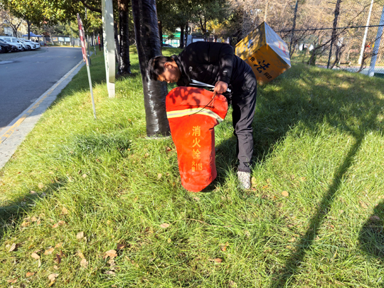 細(xì)心的業(yè)主不難發(fā)現(xiàn),樹(shù)木已悄然穿上整齊的“冬裝”。物業(yè)工作人員有條不紊地對(duì)喬木根部進(jìn)行涂白處理。這層白色“防護(hù)衣”不僅美觀,更是樹(shù)木越冬的“守護(hù)者”——它能有效反射部分陽(yáng)光,減緩樹(shù)干因晝夜溫差過(guò)大而導(dǎo)致的凍裂風(fēng)險(xiǎn),同時(shí)清除樹(shù)皮縫隙中潛藏的害蟲(chóng)及蟲(chóng)卵,為來(lái)年春季樹(shù)木茁壯成長(zhǎng)打下堅(jiān)實(shí)基礎(chǔ)。
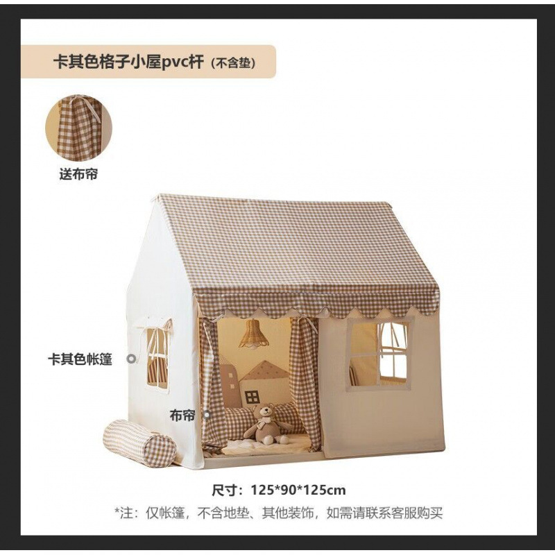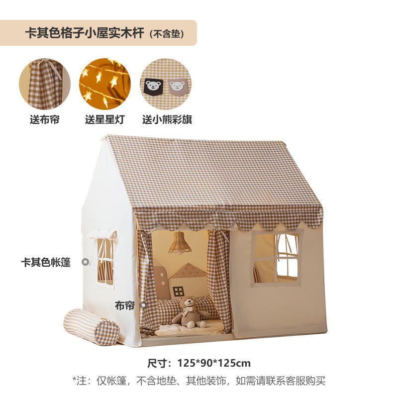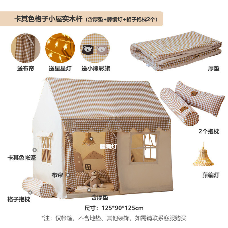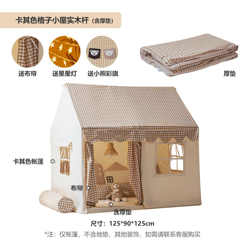 • 카키 체크 무늬 캐빈 원목 폴 - 두꺼운 쿠션 포함 [천 커튼 + 별빛 + 곰 색상 포함]
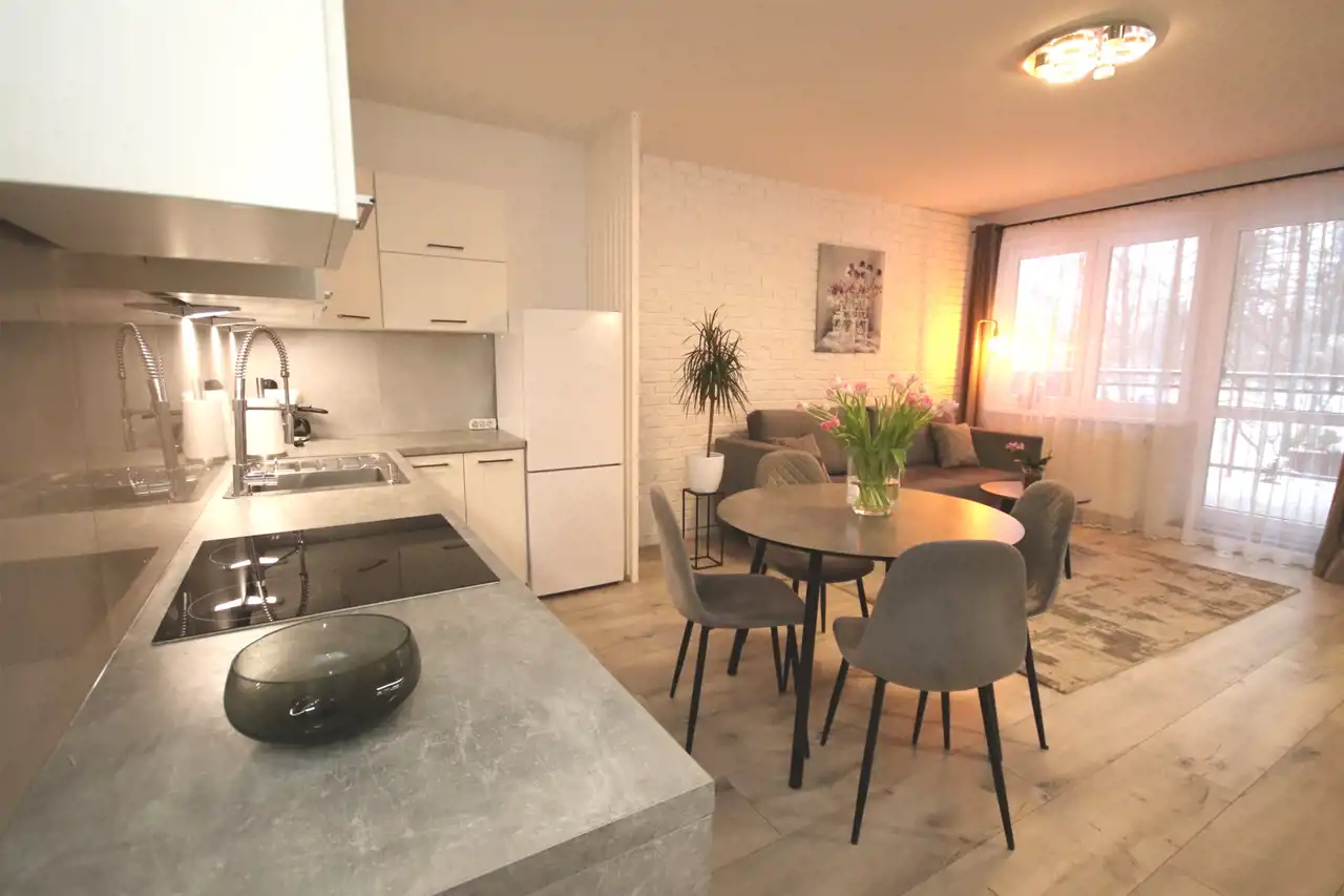 - W kuchni meble w zabudowie z wyposażeniem AGD (płyta indukcyjna, piekarnik, zmywarka, lodówka, okap);
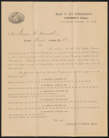 An Ordinance for the Better Regulation of the Firemen of the City of New York
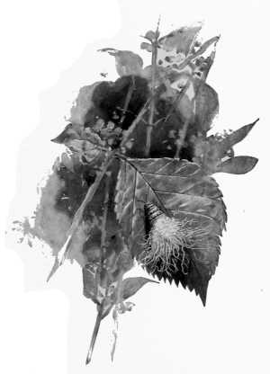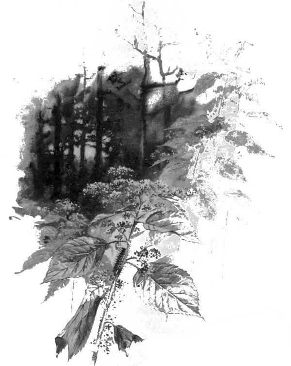 Half across the meadow I now observed that he held a leaf in his outstretched hand, and now I clearly noted that it was a compound leaf, and in another second I knew it all. For was it not a leaf of the Virginia-creeper or woodbine? and[241] how many before him have marvelled at that strange exhibition among the woodbine leaves which had now probably met his eyes for the first time? In another moment he was at the piazza stoop, and now he appears at the studio door. Eager anticipation and shortness of breath were equally manifest as he approached my easel and, with his right hand still outstretched towards me, exclaimed, "Well, what ails him?" at the same time laying down before me the mysterious specimen. It was a leaf of the woodbine, bearing along its stem a cylindrical mass of what appeared to be tiny, oblong, white eggs, all set on end, and so densely packed that but for the head and tail of the shrunken, green caterpillar which appeared at the two extremities of the mass no one would have guessed their origin. "What ails him?"
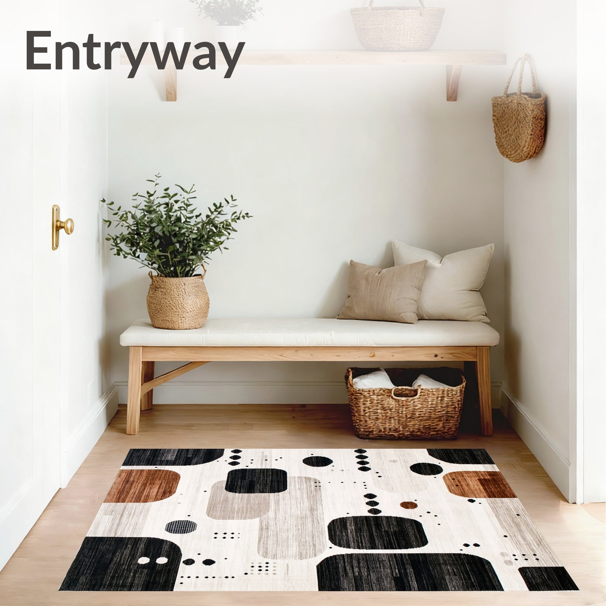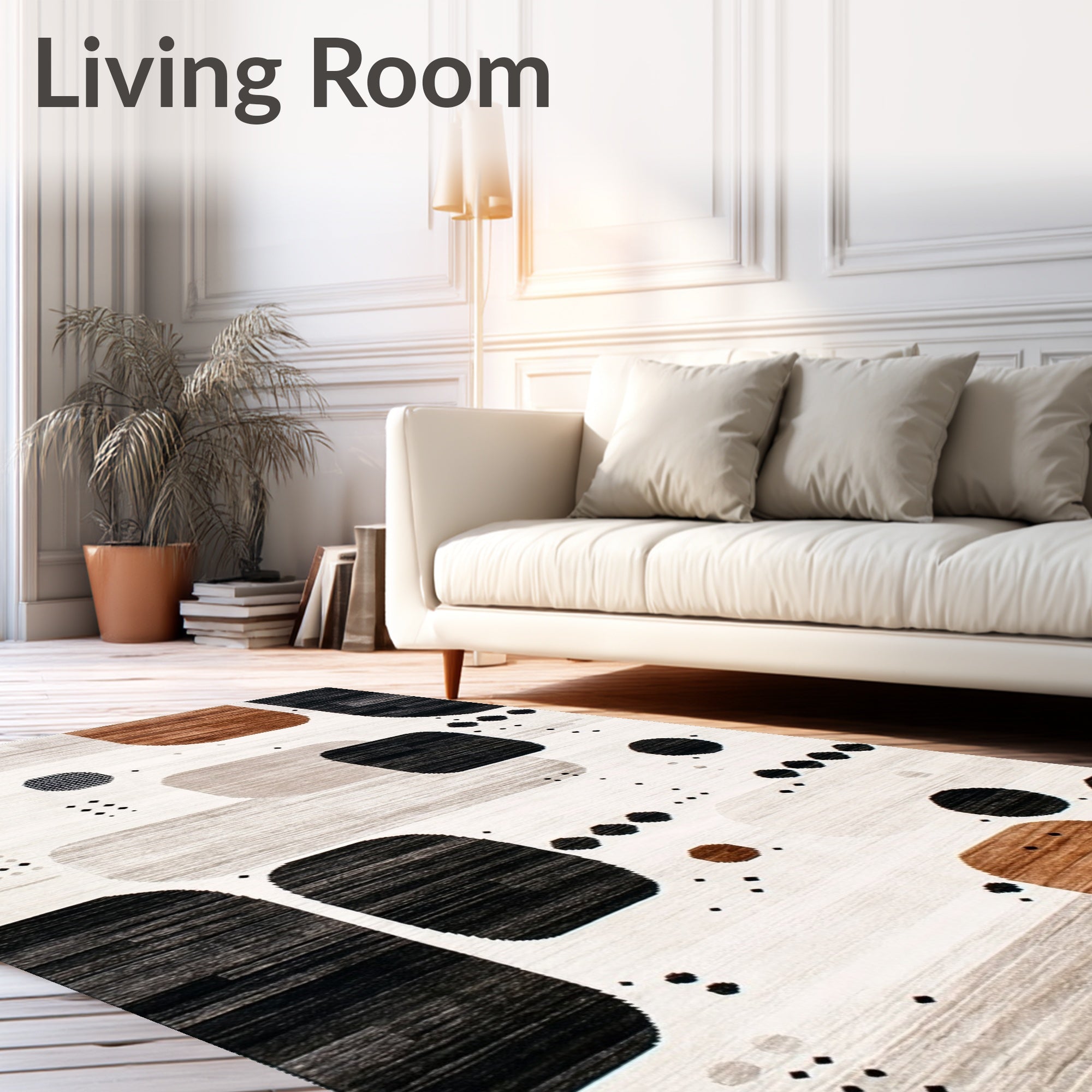 Ultra Soft Area Rug, Non Slip, Stain Resistant, Washable Area Rugs for Living Room, Bedroom, Contemporary Mocha Hues Area with Distinctive Abstract Print(White) Overview:
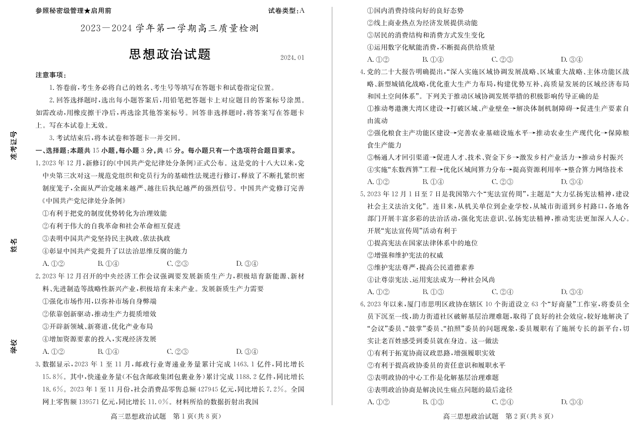 山东省枣庄市2024届高三上学期1月期末质量检测政治
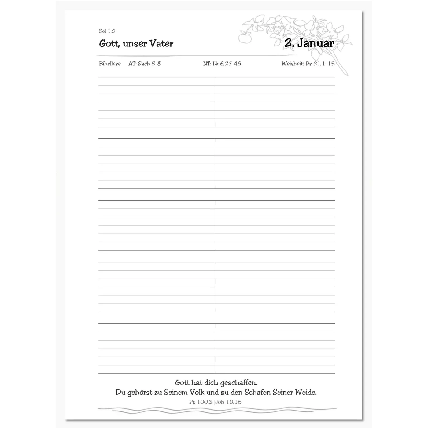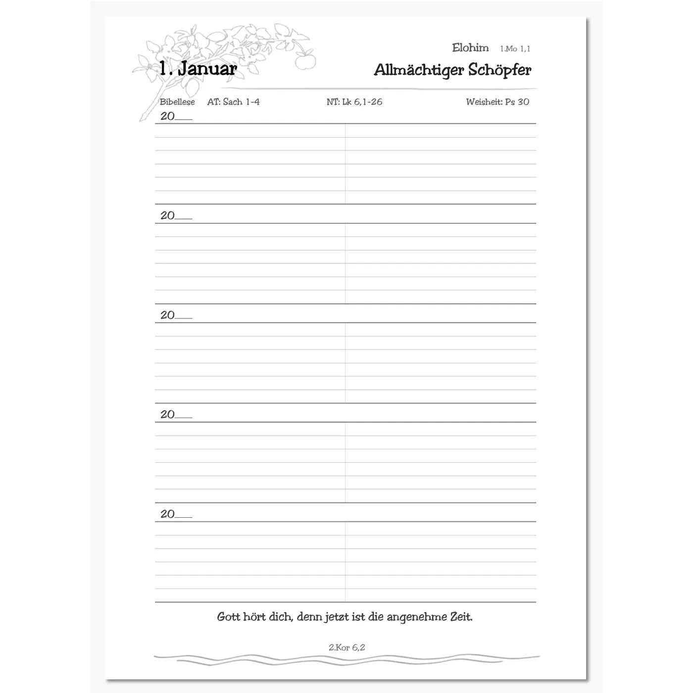 ich finde die Gestaltung sehr schön und die vielen Möglichkeiten jeden Tag einen Abschnitt in der Bibel zu lesen oder einfach über den Namen Gottes nachzudenken.
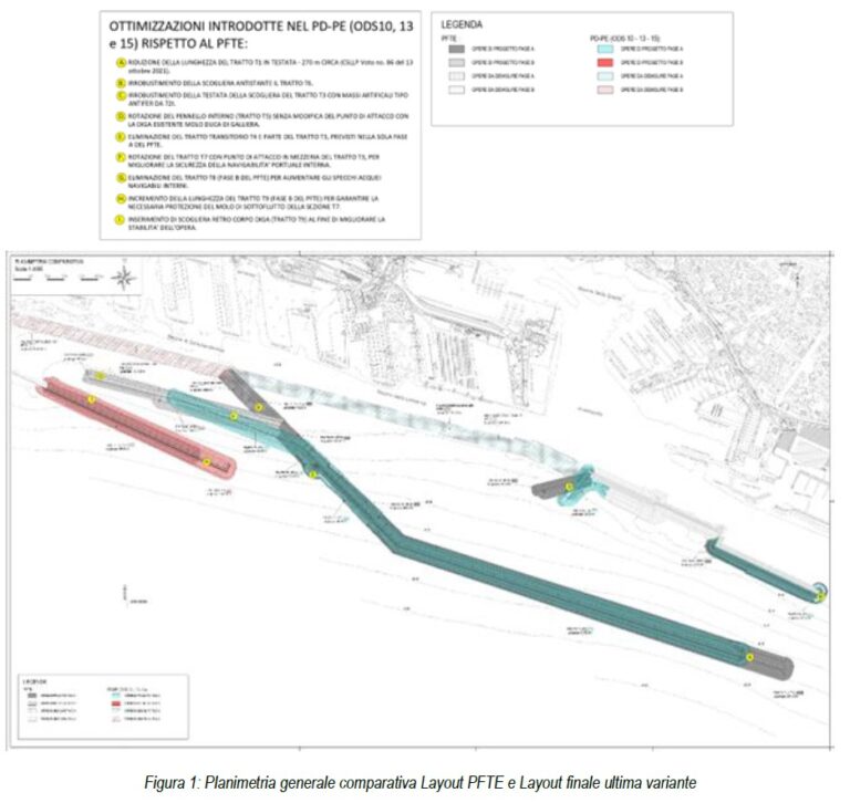 Le modifiche del layout rispetto al progetto preliminare sono ben sintetizzate dall’immagine di seguito e comprendono anche quanto già anticipato da SHIPPING ITALY in merito a revisione di posizione e lunghezza del pennello cosiddetto T5 e all’accorciamento del ramo di levante, col taglio di 4 cassoni.
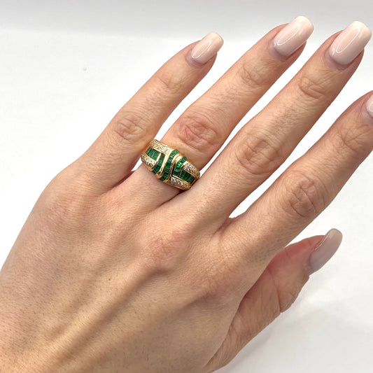 Bague Alliance - Or Jaune 750 Diamants & Émeraudes
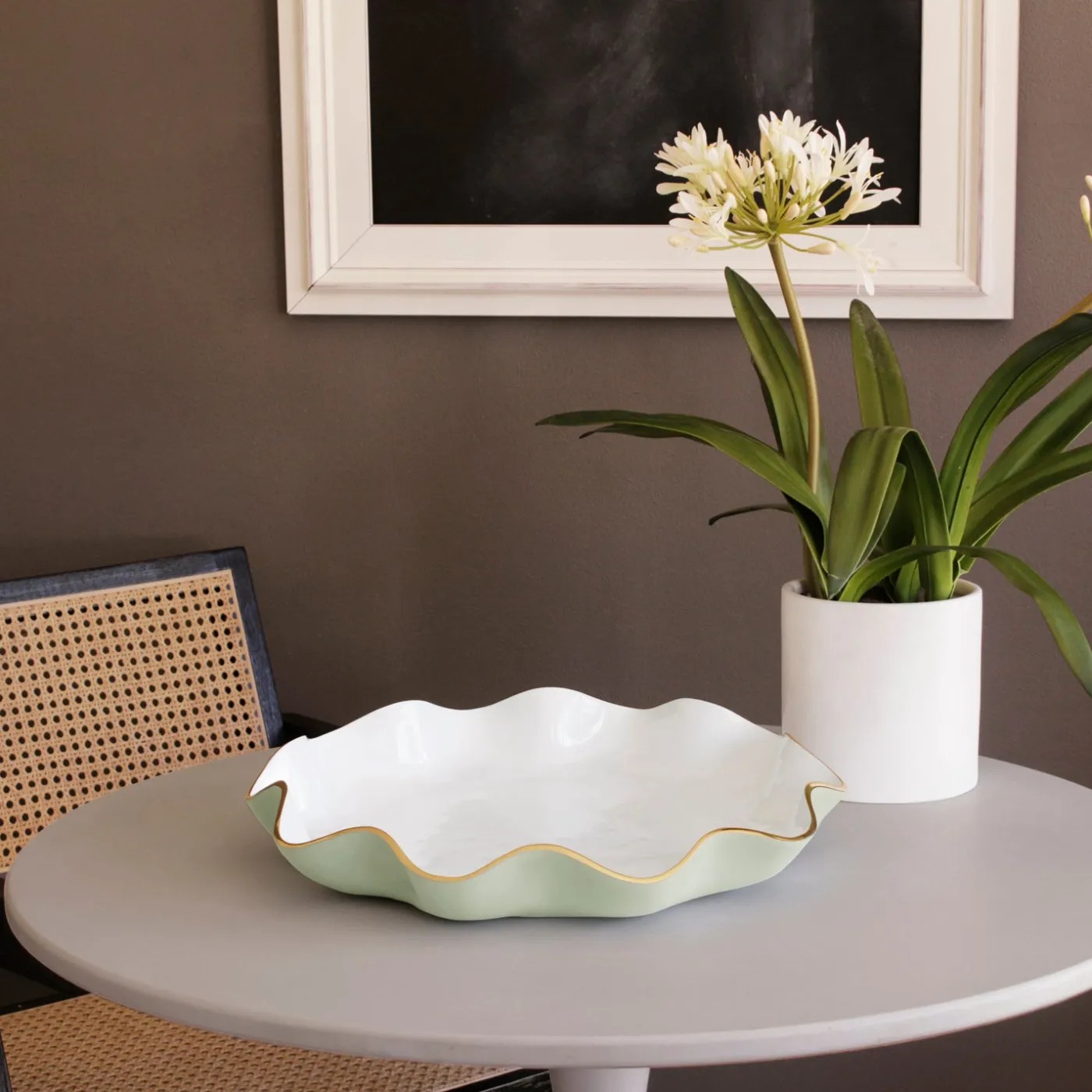 Notable for its flirty curves, generous serving area, and brilliant two-tone finish rimmed in gold, the ENCANTO Carola Large Round Platter (Pistachio and White) is as practical as it is decorative. Presented in Pistachio and White, a warm pale green that evokes freshness, renewal, and growth. Ideal for the coffee table, the bar, or the kitchen island. Use for appetizers, desserts, meat, salad or for display. A distinctive serving piece and a thoughtful gift for weddings, bridal registries, or housewarmings.
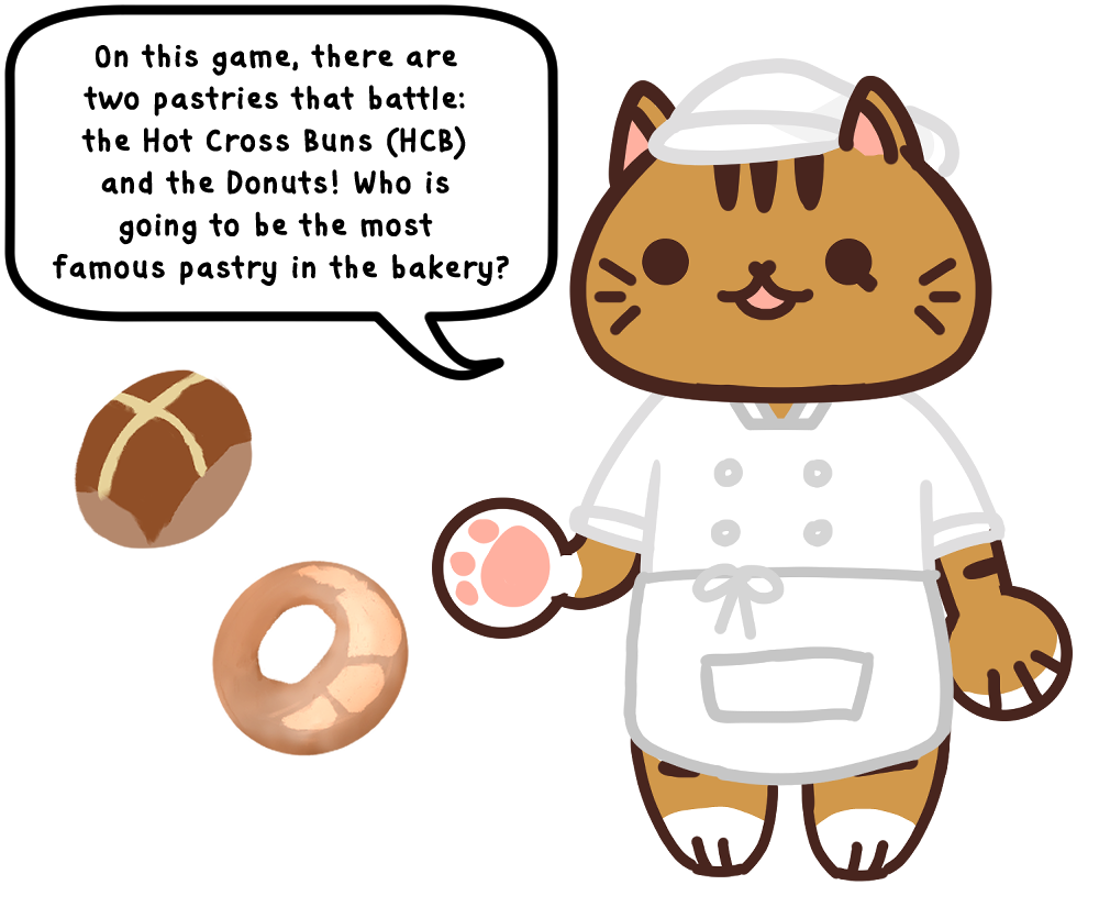 Players: Hot Cross Bun and Donut, and their collapsible forms (rotating animation)
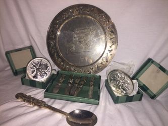 Silver Godinger platter with spoon cheese knife and coasters$50Dublin, OH
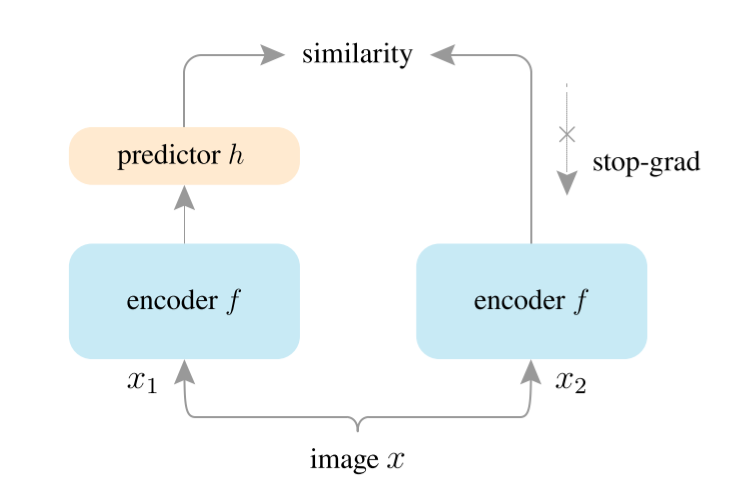虽然BYOL强调动量更新对构造非对称结构避免表示塌缩非常重要,但SimSiam证明了真正重要的并不是动量更新,而是在于不求导操作。SimSiam的结构同BYOL基本一样,见图14,encoder由ResNet和一映射头组成。
________________
# What to work on
Excluding all pictures, reproduce the records exactly as they appear above.

# Response box
 細(xì)心的業(yè)主不難發(fā)現(xiàn),樹(shù)木已悄然穿上整齊的“冬裝”。物業(yè)工作人員有條不紊地對(duì)喬木根部進(jìn)行涂白處理。這層白色“防護(hù)衣”不僅美觀,更是樹(shù)木越冬的“守護(hù)者”——它能有效反射部分陽(yáng)光,減緩樹(shù)干因晝夜溫差過(guò)大而導(dǎo)致的凍裂風(fēng)險(xiǎn),同時(shí)清除樹(shù)皮縫隙中潛藏的害蟲(chóng)及蟲(chóng)卵,為來(lái)年春季樹(shù)木茁壯成長(zhǎng)打下堅(jiān)實(shí)基礎(chǔ)。
 • 카키 체크 무늬 캐빈 원목 폴 - 두꺼운 쿠션 포함 [천 커튼 + 별빛 + 곰 색상 포함]
 - W kuchni meble w zabudowie z wyposażeniem AGD (płyta indukcyjna, piekarnik, zmywarka, lodówka, okap);
 An Ordinance for the Better Regulation of the Firemen of the City of New York
 Half across the meadow I now observed that he held a leaf in his outstretched hand, and now I clearly noted that it was a compound leaf, and in another second I knew it all. For was it not a leaf of the Virginia-creeper or woodbine? and[241] how many before him have marvelled at that strange exhibition among the woodbine leaves which had now probably met his eyes for the first time? In another moment he was at the piazza stoop, and now he appears at the studio door. Eager anticipation and shortness of breath were equally manifest as he approached my easel and, with his right hand still outstretched towards me, exclaimed, "Well, what ails him?" at the same time laying down before me the mysterious specimen. It was a leaf of the woodbine, bearing along its stem a cylindrical mass of what appeared to be tiny, oblong, white eggs, all set on end, and so densely packed that but for the head and tail of the shrunken, green caterpillar which appeared at the two extremities of the mass no one would have guessed their origin. "What ails him?"
 Ultra Soft Area Rug, Non Slip, Stain Resistant, Washable Area Rugs for Living Room, Bedroom, Contemporary Mocha Hues Area with Distinctive Abstract Print(White) Overview:
 山东省枣庄市2024届高三上学期1月期末质量检测政治
 ich finde die Gestaltung sehr schön und die vielen Möglichkeiten jeden Tag einen Abschnitt in der Bibel zu lesen oder einfach über den Namen Gottes nachzudenken.
 Le modifiche del layout rispetto al progetto preliminare sono ben sintetizzate dall’immagine di seguito e comprendono anche quanto già anticipato da SHIPPING ITALY in merito a revisione di posizione e lunghezza del pennello cosiddetto T5 e all’accorciamento del ramo di levante, col taglio di 4 cassoni.
 Bague Alliance - Or Jaune 750 Diamants & Émeraudes
 Notable for its flirty curves, generous serving area, and brilliant two-tone finish rimmed in gold, the ENCANTO Carola Large Round Platter (Pistachio and White) is as practical as it is decorative. Presented in Pistachio and White, a warm pale green that evokes freshness, renewal, and growth. Ideal for the coffee table, the bar, or the kitchen island. Use for appetizers, desserts, meat, salad or for display. A distinctive serving piece and a thoughtful gift for weddings, bridal registries, or housewarmings.
 Players: Hot Cross Bun and Donut, and their collapsible forms (rotating animation)
 Silver Godinger platter with spoon cheese knife and coasters$50Dublin, OH
虽然BYOL强调动量更新对构造非对称结构避免表示塌缩非常重要,但SimSiam证明了真正重要的并不是动量更新,而是在于不求导操作。SimSiam的结构同BYOL基本一样,见图14,encoder由ResNet和一映射头组成。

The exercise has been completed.